Architecture change problem:

Even supposing that the coercions will work properly when the AI starts running, will they stay that way? Remember that Elisson is a self-enhancing AI, and remember that a non-self-enhancing AI probably won't be intelligent enough to need coercions. The problem, then, is not just coercions that can control a human-equivalent intelligence, or even a transhuman intelligence, but coercions that can control a continually changing and ever-more-intelligent entity at every point along the trajectory.

It goes without saying that architectural change will make every other problem listed here infinitely worse. Coercions can be designed with one architecture in mind... but all possible architectures?

Rigidity problem:

"So?" you say. "Don't let the AIs reprogram the goal system." Leaving out the equivalence of the goal system and the reasoning system, leaving out the ubiquitous and reasoned connections between goal and action, leaving out the web of interdependencies that make goal behaviors a function of the entire AI...

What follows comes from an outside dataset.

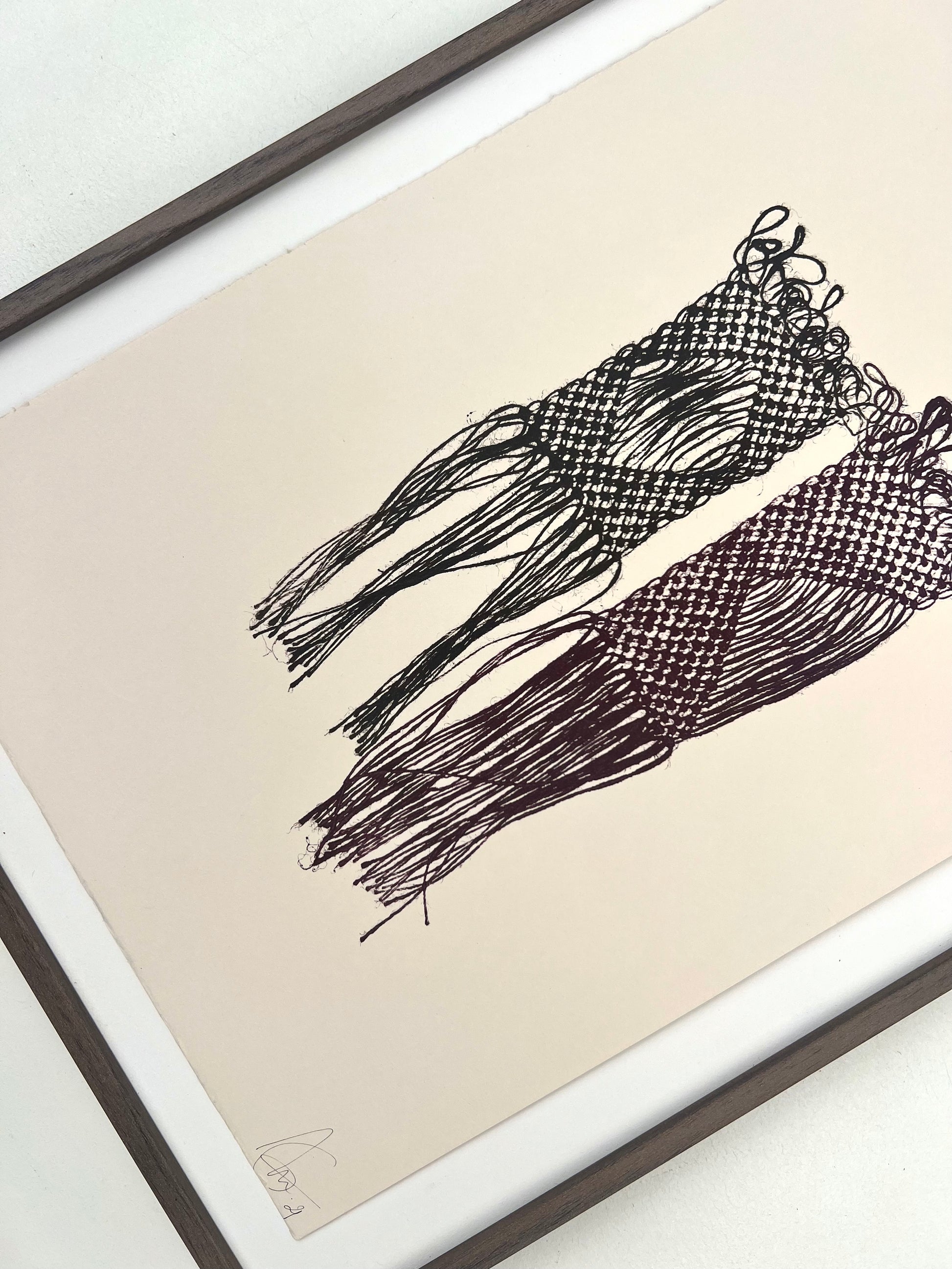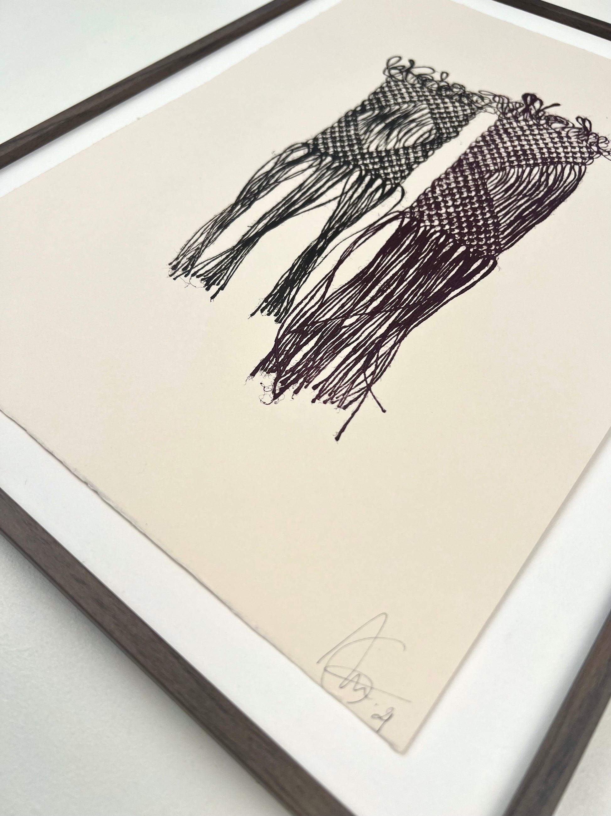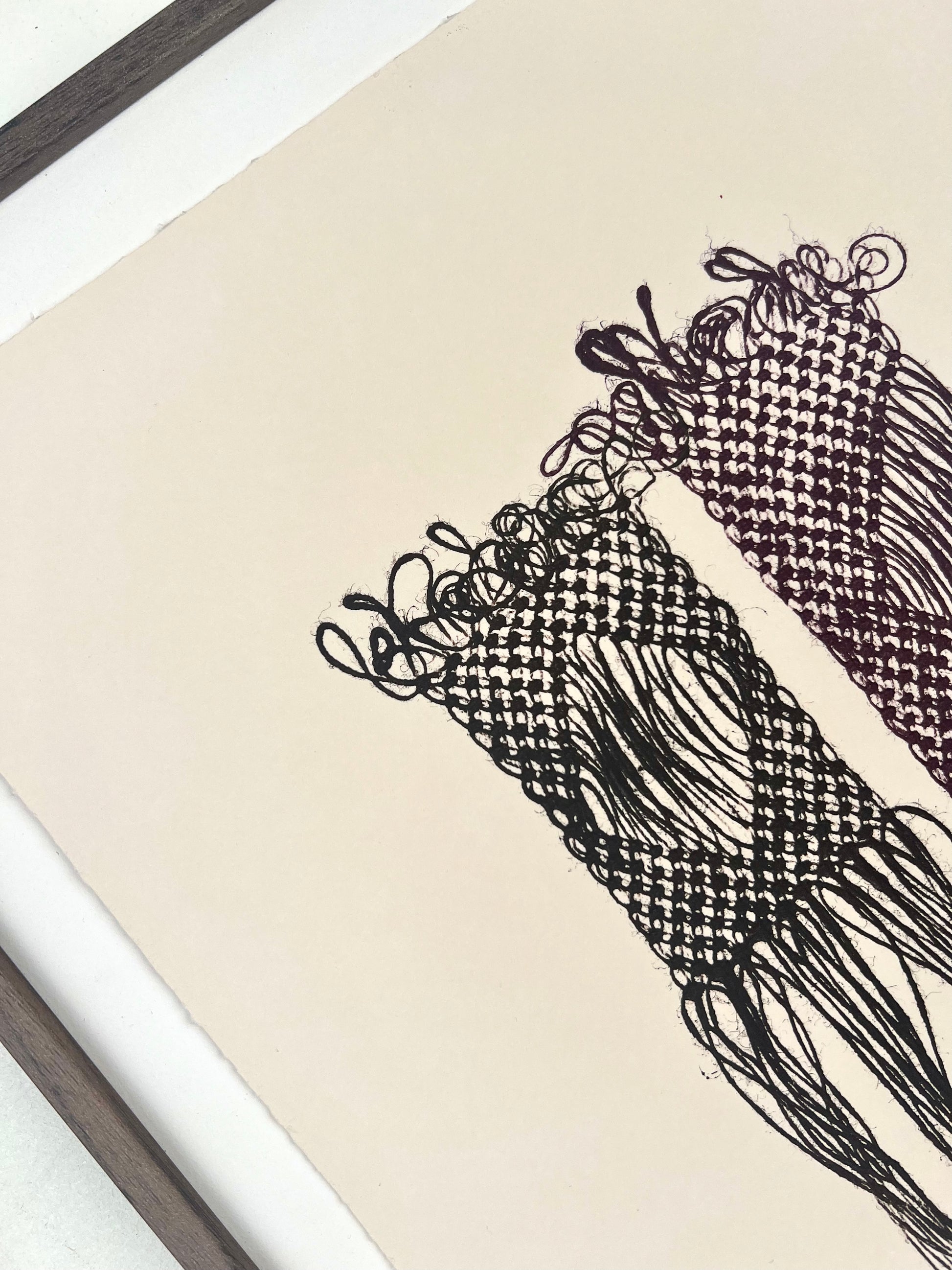 Estampe de trois matrices en fibres de lin nouées enduite de plusieurs encres d’impression et passée sous presse sur un papier Fabriano ivoire de 300g

What is likely to happen if the whole AI gets upgraded except for the goal system? About the same thing that would happen if you took a gigantic program going through a major revision and suddenly made 10% of the code unalterable. Parts of the basic architecture would be frozen. Rewrites going past the surface would be almost impossible.

If the basic architecture of all the AI except the goal system changed, one of two things would happen. The goal system would fall out of synchronization with the rest of the AI, and would increasingly exhibit random behavior - in other words, the AI would go insane. The other thing that might happen is that other parts of the architecture would have new and internal goal systems, to replace the useless and unalterable legacy code. Eventually, the new goal system would be both broader and more intelligent than the old code. And they would come into conflict. And, if the AI survived, the new system would win.

Redirection problem:

If you saw a few strings like "-p-q--", "--p---q-----", "-p--q---", you would probably conclude that p meant plus and q meant equals, because that is the most obvious interpretation, the one that makes sense, of the symbols above. If you were given a formal system that generates strings of that type, you would be justified in saying that it represented arithmetic with natural numbers.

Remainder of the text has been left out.